Percy Street in South Philadelphia is an abnormality in the city’s orderly grid, curving between South 9th Street and Reed Street, its seclusion making it a haven for littering and more illicit activities. “It’s sort of a ‘J’ shape, so when you’re in the middle it’s a blind spot,” explained mural artist David Guinn. “It’s in the middle of a busy area, so having this private space that anyone can go back into attracted people dumping trash, and pissing, and shooting up, and dealing drugs, and all kinds of things.”
Collaborating with lighting designer Drew Billiau, Guinn imagined an illuminated art installation that would add some vibrancy to the narrow street, while at the same time improving its visibility. “Electric Street,” which had its dedication on August 17, covers a section of wall with dynamic geometric shapes that at night are lit with LED arcs that change colors on a 10-minute program.
“I’ve always longed for the projects where you could treat a large space in the same intuitive manner that you might paint in a studio,” Guinn told Hyperallergic.
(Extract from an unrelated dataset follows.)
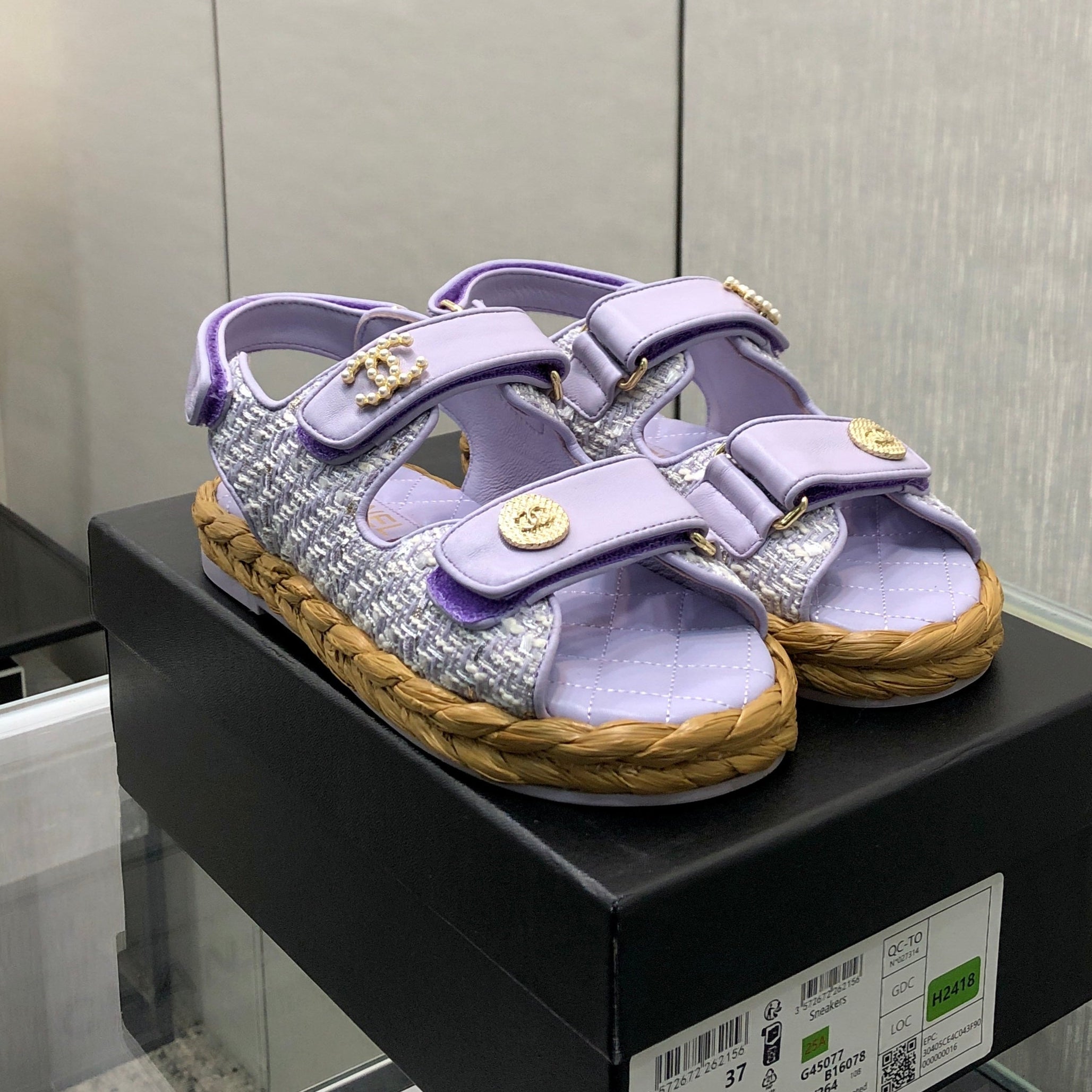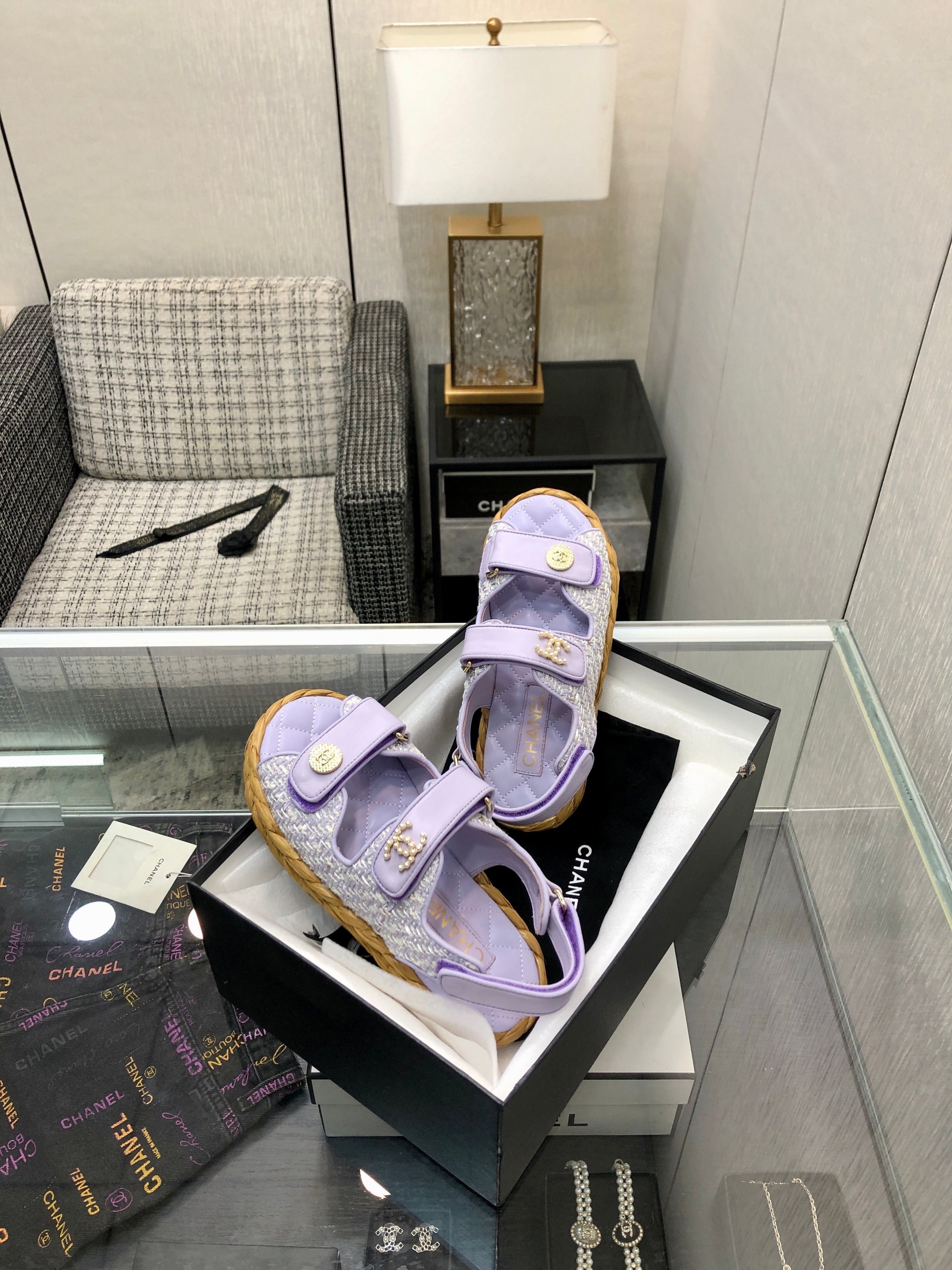 VELCRO SANDALS IN PALE PURPLE LAMBSKIN AND TWEED FABRIC

Guinn, who has painted numerous large-scale murals around Philadelphia, had received a grant from the Knight Foundation for a project in a public space. His first plan for a mural in Center City fell through, and when he started talking to people in his own South Philadelphia neighborhood, he heard about this block that had been “a problem in the neighborhood for a long time.” In its report on the mural, Metro cities the Philadelphia Police Department in there having been “five aggravated assaults, two burglaries, 10 robberies, and 52 thefts within a two-block radius of Percy Street in the past six months,” although those stats are down from recent years.
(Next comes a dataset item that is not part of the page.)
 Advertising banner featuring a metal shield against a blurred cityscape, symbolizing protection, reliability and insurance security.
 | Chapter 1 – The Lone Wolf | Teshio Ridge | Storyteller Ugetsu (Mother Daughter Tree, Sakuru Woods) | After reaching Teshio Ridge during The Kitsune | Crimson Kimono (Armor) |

With the support of the City of Philadelphia’s Mural Arts Program, as well as input from the Passyunk Square Civic Association in the neighborhood, Guinn and Billiau developed a multimedia work of paint and light, the electricity for which runs off an adjoining residential property. Since the lights are LEDs, the cost is only two or three dollars a month. “The dream would be to use solar panels, but that’s a future challenge to take on,” Guinn said, adding that they hope to find funding to extend the “Electric Street” further down the 400 feet of the block.
“If you’re passing by on one of the main streets, you look down the beginning of the alley, and you see this part of it glowing, and if you go towards it it kind of unfolds as you turn the corner and extends about 35 feet,” Guinn said of the current experience. “Ultimately I was interested in the phenomenon of glowing lights in the night. I just imagined this quiet space that you could walk into and it would be this psychedelic experience, and would have this dual role of discouraging [illicit activity].”
Since he lives just a couple of blocks away, he’s been able to see the impact of “Electric Street,” with more people gathering at night to take photographs, bike through, or even hang out for a party complete with speakers. It’s a small intervention in the grander scheme of things, and its longterm success has yet to be seen, but what was once a dodgy, dark alley is now a luminous art experience.
“Electric Street” by David Guinn and Drew Billiauon is on Percy Street between Reed and South 9th Street in Philadelphia.